> [Your instructions]: Go through the entries below and count the lines where "Pink" occurs. Give nothing but that number.

> [Listed records]:
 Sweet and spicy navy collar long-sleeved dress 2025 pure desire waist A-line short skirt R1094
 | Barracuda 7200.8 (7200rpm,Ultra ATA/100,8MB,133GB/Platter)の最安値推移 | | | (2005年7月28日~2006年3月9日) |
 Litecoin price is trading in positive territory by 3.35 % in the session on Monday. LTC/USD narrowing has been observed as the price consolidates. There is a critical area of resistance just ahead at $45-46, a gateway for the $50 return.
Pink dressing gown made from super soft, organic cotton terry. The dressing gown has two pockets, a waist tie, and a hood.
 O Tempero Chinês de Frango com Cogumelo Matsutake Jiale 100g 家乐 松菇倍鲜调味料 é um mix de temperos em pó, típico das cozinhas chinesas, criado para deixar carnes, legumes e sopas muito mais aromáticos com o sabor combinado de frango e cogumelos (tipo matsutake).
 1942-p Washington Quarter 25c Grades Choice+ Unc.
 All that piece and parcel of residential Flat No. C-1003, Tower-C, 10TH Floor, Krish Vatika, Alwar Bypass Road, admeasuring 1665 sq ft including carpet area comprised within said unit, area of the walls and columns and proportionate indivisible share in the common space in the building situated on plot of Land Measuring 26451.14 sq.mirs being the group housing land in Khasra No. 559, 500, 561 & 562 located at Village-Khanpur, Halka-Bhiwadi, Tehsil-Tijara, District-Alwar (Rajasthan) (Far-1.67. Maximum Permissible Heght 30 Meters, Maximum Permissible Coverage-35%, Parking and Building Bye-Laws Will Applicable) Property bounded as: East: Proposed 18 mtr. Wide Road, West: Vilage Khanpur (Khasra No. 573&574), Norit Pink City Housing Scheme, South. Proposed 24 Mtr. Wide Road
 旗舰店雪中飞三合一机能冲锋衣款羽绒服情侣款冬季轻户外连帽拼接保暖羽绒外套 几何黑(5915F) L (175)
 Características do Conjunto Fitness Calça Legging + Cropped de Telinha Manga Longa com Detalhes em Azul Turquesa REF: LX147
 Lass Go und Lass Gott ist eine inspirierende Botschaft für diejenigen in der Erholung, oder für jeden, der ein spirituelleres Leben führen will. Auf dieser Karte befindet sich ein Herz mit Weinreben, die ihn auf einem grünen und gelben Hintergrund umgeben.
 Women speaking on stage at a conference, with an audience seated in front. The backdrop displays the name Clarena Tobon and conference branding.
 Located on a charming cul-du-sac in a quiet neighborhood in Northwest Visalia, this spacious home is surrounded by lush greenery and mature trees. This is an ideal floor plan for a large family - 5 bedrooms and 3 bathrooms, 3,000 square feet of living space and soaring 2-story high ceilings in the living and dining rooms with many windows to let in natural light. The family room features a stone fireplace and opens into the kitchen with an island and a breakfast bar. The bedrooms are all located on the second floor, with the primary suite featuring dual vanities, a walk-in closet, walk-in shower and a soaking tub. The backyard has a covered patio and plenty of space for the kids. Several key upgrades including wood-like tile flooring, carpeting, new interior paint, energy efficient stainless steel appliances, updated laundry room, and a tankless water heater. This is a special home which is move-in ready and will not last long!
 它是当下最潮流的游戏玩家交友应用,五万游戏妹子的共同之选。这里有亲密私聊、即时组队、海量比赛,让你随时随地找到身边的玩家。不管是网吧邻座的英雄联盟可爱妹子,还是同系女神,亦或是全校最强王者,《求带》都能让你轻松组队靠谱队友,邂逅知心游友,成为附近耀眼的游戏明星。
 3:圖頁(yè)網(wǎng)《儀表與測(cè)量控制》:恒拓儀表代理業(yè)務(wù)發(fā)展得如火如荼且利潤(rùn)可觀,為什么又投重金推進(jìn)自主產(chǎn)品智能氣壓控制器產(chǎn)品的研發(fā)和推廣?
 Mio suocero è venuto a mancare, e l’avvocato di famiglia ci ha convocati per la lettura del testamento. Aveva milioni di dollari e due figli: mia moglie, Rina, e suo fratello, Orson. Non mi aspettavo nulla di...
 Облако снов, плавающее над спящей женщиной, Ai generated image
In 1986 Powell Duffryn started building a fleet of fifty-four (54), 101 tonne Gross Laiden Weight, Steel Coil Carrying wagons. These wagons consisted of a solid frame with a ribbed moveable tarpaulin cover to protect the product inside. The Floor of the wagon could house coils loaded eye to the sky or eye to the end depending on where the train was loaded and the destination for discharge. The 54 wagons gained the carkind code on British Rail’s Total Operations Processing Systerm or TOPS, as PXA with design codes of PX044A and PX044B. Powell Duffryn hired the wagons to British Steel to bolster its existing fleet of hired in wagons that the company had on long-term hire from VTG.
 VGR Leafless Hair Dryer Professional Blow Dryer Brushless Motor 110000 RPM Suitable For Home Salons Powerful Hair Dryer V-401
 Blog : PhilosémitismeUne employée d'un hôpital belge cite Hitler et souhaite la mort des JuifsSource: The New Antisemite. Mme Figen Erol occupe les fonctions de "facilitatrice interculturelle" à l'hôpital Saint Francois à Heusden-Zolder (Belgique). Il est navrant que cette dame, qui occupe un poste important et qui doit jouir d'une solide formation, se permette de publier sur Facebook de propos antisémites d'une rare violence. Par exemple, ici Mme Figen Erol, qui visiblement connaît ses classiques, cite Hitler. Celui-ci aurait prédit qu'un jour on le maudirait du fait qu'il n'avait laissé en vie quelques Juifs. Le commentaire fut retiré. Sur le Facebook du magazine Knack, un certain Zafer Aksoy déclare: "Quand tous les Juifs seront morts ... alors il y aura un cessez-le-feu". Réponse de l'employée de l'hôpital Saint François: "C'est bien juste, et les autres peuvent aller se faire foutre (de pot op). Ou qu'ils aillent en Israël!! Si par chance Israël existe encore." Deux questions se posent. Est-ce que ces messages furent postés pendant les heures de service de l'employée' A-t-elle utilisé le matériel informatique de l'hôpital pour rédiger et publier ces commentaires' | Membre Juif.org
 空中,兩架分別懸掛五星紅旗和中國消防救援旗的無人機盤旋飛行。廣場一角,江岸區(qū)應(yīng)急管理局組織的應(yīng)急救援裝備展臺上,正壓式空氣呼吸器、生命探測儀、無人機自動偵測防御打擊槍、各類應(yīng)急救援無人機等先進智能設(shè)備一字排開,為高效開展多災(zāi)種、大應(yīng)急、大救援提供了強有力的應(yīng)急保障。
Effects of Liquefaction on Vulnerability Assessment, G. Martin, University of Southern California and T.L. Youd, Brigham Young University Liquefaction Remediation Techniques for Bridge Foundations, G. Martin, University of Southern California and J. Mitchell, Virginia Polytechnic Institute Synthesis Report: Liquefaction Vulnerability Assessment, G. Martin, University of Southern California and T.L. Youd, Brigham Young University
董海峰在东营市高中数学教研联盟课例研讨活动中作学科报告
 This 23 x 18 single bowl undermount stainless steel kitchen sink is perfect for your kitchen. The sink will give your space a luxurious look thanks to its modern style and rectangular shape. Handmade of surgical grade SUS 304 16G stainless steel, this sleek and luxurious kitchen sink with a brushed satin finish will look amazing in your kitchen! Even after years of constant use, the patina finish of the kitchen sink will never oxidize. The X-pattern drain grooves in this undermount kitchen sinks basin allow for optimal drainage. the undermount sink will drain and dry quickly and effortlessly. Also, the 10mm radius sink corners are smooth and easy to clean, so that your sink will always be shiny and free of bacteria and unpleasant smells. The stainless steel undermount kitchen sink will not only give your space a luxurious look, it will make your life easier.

> [Output below]: 2